#### TASK INPUT ####
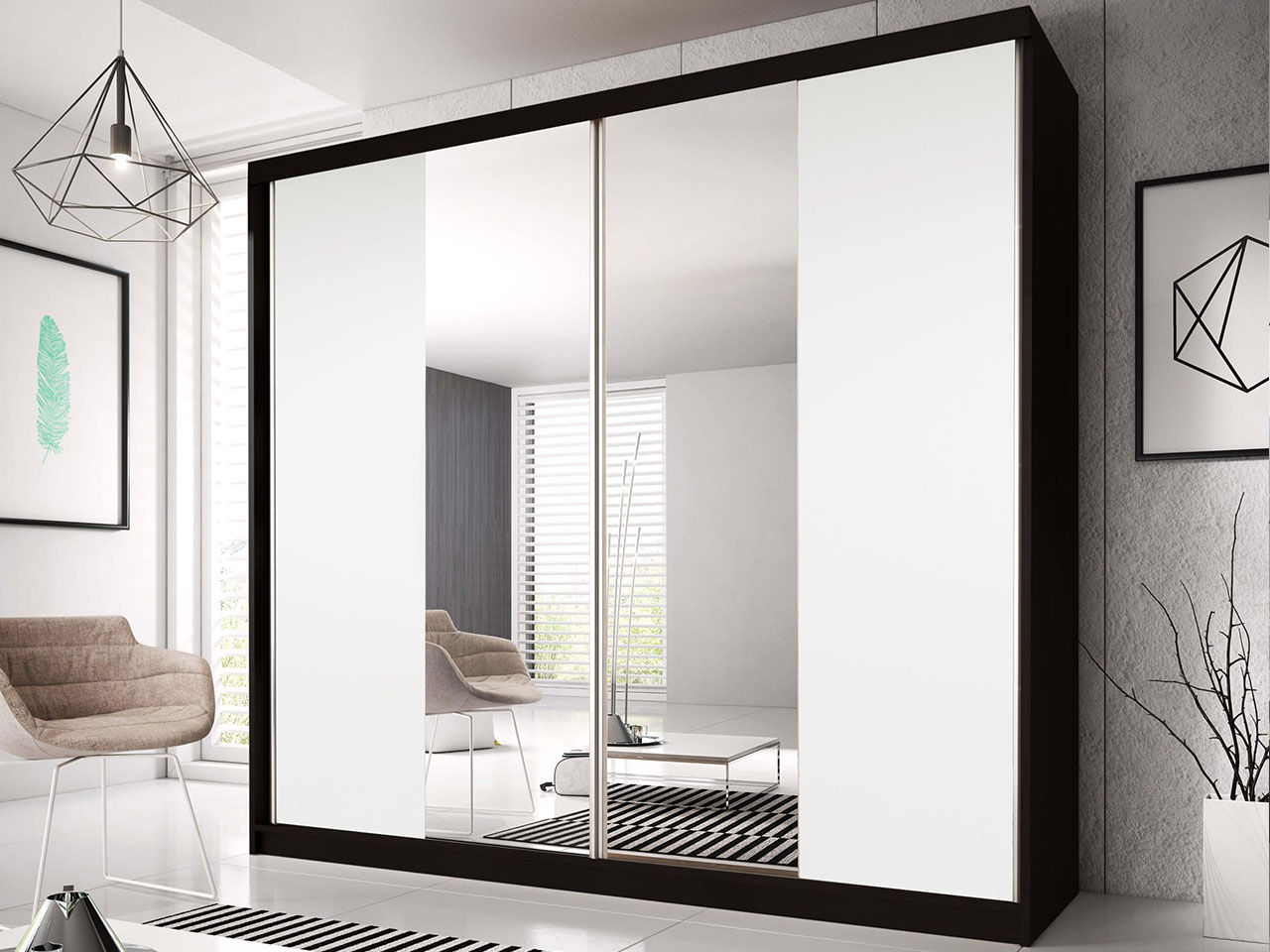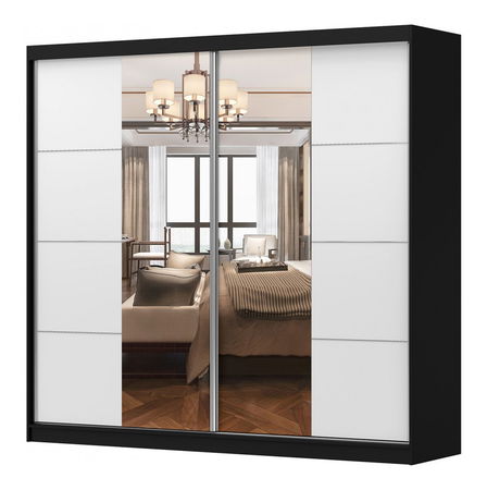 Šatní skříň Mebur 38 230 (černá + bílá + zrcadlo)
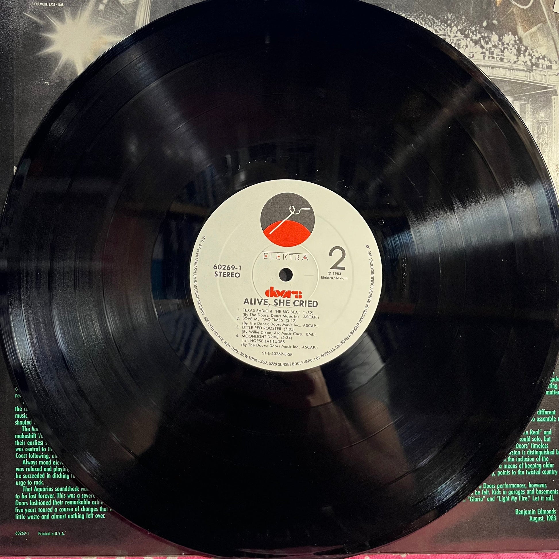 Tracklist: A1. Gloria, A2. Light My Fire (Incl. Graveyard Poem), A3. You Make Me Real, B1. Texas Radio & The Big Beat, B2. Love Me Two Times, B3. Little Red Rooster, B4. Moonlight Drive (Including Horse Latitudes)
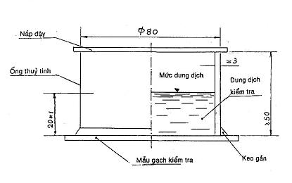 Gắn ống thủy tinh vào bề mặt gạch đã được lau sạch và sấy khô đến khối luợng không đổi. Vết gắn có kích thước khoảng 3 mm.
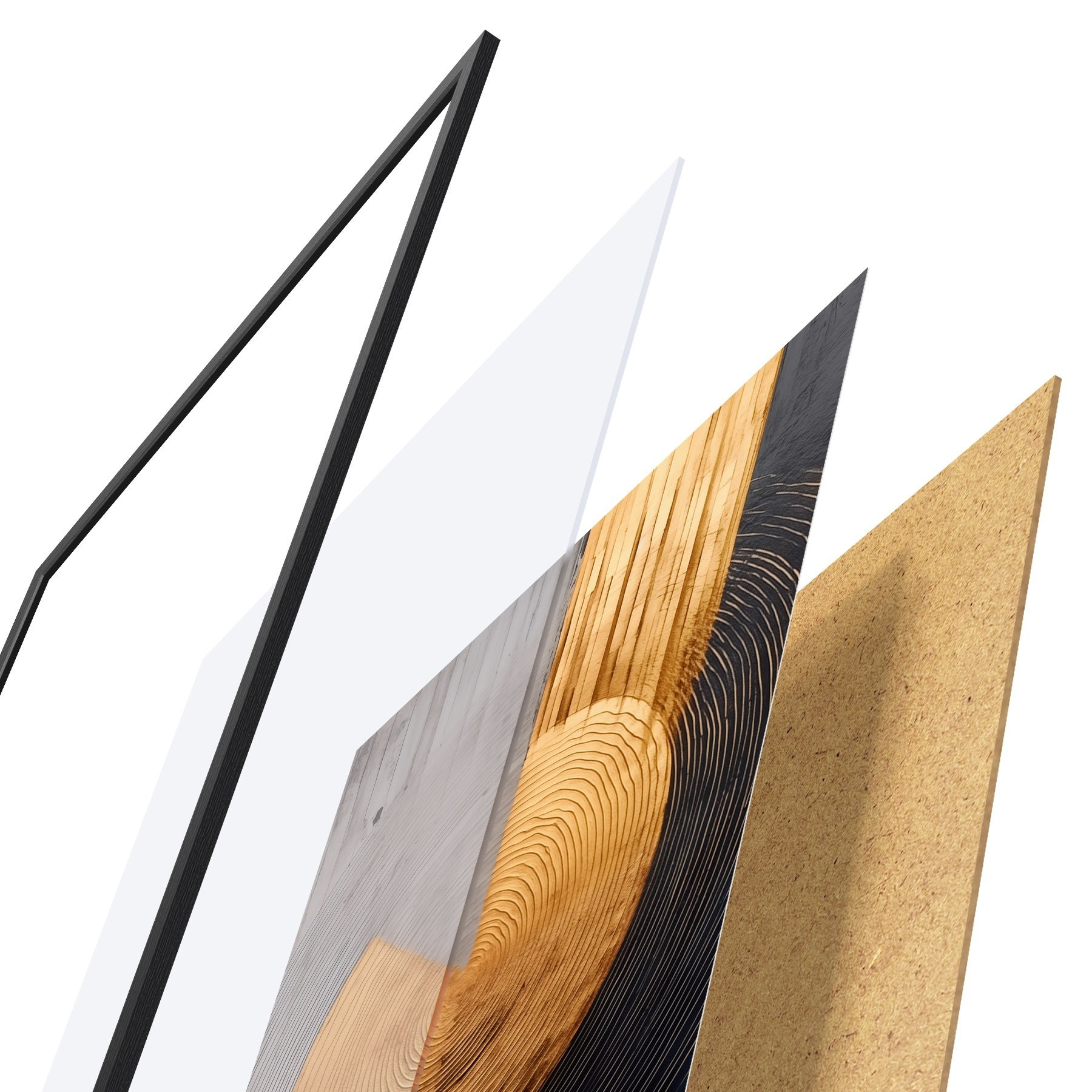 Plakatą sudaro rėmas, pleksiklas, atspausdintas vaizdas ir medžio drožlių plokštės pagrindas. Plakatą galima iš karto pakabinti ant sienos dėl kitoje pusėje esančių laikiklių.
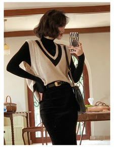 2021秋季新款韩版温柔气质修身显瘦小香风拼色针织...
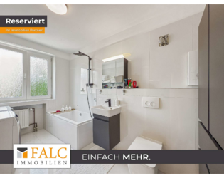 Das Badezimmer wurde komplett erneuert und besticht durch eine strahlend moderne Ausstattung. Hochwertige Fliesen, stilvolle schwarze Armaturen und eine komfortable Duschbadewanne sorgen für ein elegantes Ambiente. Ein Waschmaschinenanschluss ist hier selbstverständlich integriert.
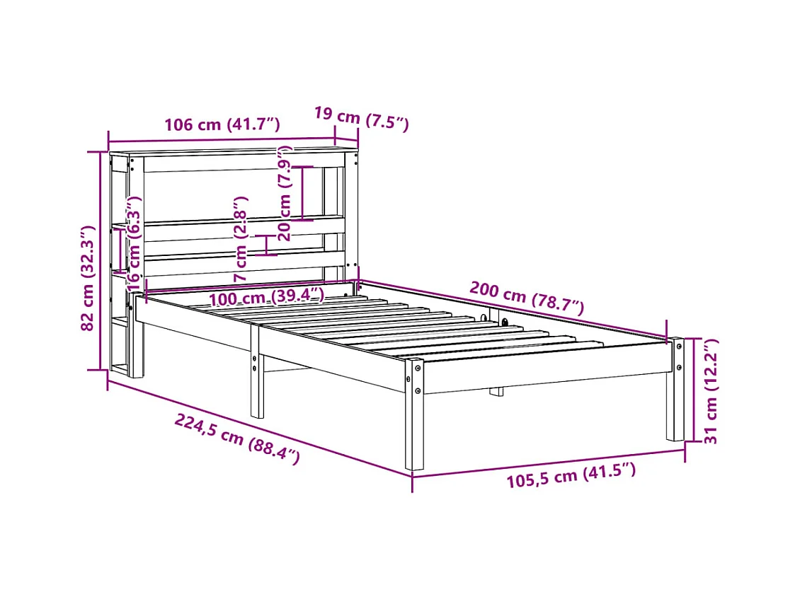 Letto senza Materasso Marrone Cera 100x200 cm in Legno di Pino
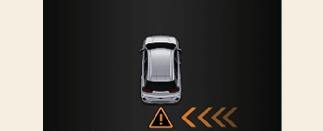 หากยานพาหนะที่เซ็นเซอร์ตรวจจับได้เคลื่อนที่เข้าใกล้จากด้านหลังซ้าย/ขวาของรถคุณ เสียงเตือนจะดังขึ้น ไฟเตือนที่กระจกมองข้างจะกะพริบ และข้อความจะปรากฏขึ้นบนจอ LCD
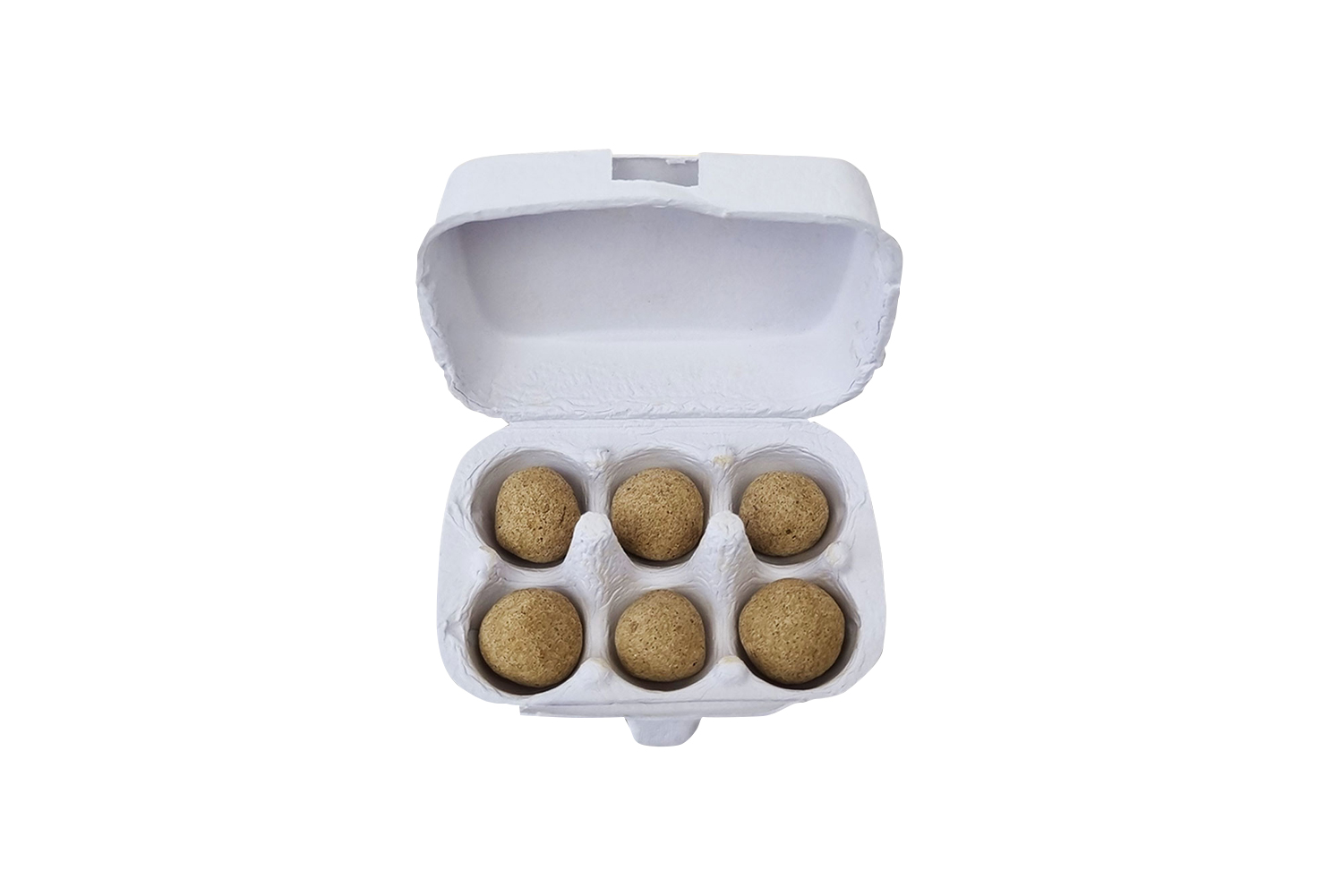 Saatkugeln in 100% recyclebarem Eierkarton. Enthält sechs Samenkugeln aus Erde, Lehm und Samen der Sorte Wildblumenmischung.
####
## WHAT IS REQUIRED:
Each line of the data above must be reproduced as written. Skip the pictures.

## RESPONSE:
 Šatní skříň Mebur 38 230 (černá + bílá + zrcadlo)
 Tracklist: A1. Gloria, A2. Light My Fire (Incl. Graveyard Poem), A3. You Make Me Real, B1. Texas Radio & The Big Beat, B2. Love Me Two Times, B3. Little Red Rooster, B4. Moonlight Drive (Including Horse Latitudes)
 Gắn ống thủy tinh vào bề mặt gạch đã được lau sạch và sấy khô đến khối luợng không đổi. Vết gắn có kích thước khoảng 3 mm.
 Plakatą sudaro rėmas, pleksiklas, atspausdintas vaizdas ir medžio drožlių plokštės pagrindas. Plakatą galima iš karto pakabinti ant sienos dėl kitoje pusėje esančių laikiklių.
 2021秋季新款韩版温柔气质修身显瘦小香风拼色针织...
 Das Badezimmer wurde komplett erneuert und besticht durch eine strahlend moderne Ausstattung. Hochwertige Fliesen, stilvolle schwarze Armaturen und eine komfortable Duschbadewanne sorgen für ein elegantes Ambiente. Ein Waschmaschinenanschluss ist hier selbstverständlich integriert.
 Letto senza Materasso Marrone Cera 100x200 cm in Legno di Pino
 หากยานพาหนะที่เซ็นเซอร์ตรวจจับได้เคลื่อนที่เข้าใกล้จากด้านหลังซ้าย/ขวาของรถคุณ เสียงเตือนจะดังขึ้น ไฟเตือนที่กระจกมองข้างจะกะพริบ และข้อความจะปรากฏขึ้นบนจอ LCD
 Saatkugeln in 100% recyclebarem Eierkarton. Enthält sechs Samenkugeln aus Erde, Lehm und Samen der Sorte Wildblumenmischung.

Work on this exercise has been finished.